What you are asked to do:
Only the lines from the start of the entries up to and including the line with "Zeker vanaf het" should be written out, exactly as they stand.

(Data extracted from a collection)
::::
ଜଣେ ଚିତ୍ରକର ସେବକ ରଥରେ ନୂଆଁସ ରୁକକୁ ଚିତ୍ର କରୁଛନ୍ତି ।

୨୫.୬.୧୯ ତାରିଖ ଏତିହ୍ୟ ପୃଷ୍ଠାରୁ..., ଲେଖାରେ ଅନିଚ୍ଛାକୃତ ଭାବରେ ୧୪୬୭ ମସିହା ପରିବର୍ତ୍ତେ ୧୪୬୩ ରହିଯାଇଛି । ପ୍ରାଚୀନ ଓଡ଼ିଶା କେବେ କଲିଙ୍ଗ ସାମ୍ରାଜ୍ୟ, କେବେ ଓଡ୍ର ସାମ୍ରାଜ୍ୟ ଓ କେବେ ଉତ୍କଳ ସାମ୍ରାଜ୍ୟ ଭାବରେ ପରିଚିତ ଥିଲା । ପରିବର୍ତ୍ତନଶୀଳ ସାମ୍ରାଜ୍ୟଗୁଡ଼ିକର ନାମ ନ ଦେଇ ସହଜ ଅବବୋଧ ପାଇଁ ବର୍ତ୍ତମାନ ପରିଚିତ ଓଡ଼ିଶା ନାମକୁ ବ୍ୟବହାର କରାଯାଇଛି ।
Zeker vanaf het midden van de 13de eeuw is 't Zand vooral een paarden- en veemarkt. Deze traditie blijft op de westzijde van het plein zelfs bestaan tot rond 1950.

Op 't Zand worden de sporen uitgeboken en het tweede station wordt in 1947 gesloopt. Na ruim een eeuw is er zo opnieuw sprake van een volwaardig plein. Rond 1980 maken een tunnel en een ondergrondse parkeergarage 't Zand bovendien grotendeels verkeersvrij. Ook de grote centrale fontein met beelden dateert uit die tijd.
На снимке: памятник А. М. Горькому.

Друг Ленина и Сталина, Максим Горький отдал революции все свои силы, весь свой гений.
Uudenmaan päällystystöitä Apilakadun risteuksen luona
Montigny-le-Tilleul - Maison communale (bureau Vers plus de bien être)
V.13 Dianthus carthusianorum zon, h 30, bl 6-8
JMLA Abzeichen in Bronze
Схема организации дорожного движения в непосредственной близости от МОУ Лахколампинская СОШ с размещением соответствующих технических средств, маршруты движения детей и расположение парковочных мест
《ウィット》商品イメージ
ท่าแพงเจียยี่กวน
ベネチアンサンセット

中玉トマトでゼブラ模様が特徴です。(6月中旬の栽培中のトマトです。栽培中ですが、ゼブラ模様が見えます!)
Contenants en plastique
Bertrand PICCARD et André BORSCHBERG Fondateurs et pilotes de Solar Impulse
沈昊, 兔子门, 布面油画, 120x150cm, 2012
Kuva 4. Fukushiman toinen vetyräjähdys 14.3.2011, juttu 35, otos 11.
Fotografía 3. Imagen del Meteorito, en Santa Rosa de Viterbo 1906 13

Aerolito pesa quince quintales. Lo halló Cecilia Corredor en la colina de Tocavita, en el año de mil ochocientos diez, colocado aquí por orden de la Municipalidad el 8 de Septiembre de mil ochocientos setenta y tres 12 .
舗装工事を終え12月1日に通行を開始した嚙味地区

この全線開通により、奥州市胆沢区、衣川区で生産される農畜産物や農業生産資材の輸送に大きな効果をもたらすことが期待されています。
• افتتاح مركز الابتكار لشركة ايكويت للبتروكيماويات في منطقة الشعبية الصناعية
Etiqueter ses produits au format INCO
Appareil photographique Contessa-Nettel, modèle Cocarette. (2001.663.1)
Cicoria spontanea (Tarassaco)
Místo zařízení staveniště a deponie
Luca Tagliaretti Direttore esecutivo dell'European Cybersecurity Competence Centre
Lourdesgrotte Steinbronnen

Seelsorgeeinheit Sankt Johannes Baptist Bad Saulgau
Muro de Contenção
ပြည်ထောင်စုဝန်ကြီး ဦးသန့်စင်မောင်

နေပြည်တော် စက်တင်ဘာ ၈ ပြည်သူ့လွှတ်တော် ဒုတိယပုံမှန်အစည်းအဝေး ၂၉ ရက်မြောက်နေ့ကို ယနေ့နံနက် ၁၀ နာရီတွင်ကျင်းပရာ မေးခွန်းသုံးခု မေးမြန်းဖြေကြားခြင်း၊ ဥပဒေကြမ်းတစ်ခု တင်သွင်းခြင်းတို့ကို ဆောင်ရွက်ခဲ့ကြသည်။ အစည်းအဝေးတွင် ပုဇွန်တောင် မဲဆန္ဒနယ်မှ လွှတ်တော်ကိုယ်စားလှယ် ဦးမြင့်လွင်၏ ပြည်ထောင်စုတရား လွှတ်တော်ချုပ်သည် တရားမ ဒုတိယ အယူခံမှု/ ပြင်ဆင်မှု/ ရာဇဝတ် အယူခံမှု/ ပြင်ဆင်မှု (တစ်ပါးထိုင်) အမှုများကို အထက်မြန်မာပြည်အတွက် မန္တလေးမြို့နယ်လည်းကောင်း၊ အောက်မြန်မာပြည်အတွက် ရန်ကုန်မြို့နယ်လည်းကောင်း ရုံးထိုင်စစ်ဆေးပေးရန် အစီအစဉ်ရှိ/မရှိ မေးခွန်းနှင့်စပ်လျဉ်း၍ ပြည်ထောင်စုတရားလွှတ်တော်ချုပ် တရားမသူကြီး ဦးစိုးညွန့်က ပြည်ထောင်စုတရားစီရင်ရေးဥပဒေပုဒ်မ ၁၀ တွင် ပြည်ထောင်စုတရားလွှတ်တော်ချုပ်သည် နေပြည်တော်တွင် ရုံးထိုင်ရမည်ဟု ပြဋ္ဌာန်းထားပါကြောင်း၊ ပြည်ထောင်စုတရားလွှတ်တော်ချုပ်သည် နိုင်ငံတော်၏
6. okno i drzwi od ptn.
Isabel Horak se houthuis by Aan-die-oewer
::::
Answer below:
ଜଣେ ଚିତ୍ରକର ସେବକ ରଥରେ ନୂଆଁସ ରୁକକୁ ଚିତ୍ର କରୁଛନ୍ତି ।

୨୫.୬.୧୯ ତାରିଖ ଏତିହ୍ୟ ପୃଷ୍ଠାରୁ..., ଲେଖାରେ ଅନିଚ୍ଛାକୃତ ଭାବରେ ୧୪୬୭ ମସିହା ପରିବର୍ତ୍ତେ ୧୪୬୩ ରହିଯାଇଛି । ପ୍ରାଚୀନ ଓଡ଼ିଶା କେବେ କଲିଙ୍ଗ ସାମ୍ରାଜ୍ୟ, କେବେ ଓଡ୍ର ସାମ୍ରାଜ୍ୟ ଓ କେବେ ଉତ୍କଳ ସାମ୍ରାଜ୍ୟ ଭାବରେ ପରିଚିତ ଥିଲା । ପରିବର୍ତ୍ତନଶୀଳ ସାମ୍ରାଜ୍ୟଗୁଡ଼ିକର ନାମ ନ ଦେଇ ସହଜ ଅବବୋଧ ପାଇଁ ବର୍ତ୍ତମାନ ପରିଚିତ ଓଡ଼ିଶା ନାମକୁ ବ୍ୟବହାର କରାଯାଇଛି ।
Zeker vanaf het midden van de 13de eeuw is 't Zand vooral een paarden- en veemarkt. Deze traditie blijft op de westzijde van het plein zelfs bestaan tot rond 1950.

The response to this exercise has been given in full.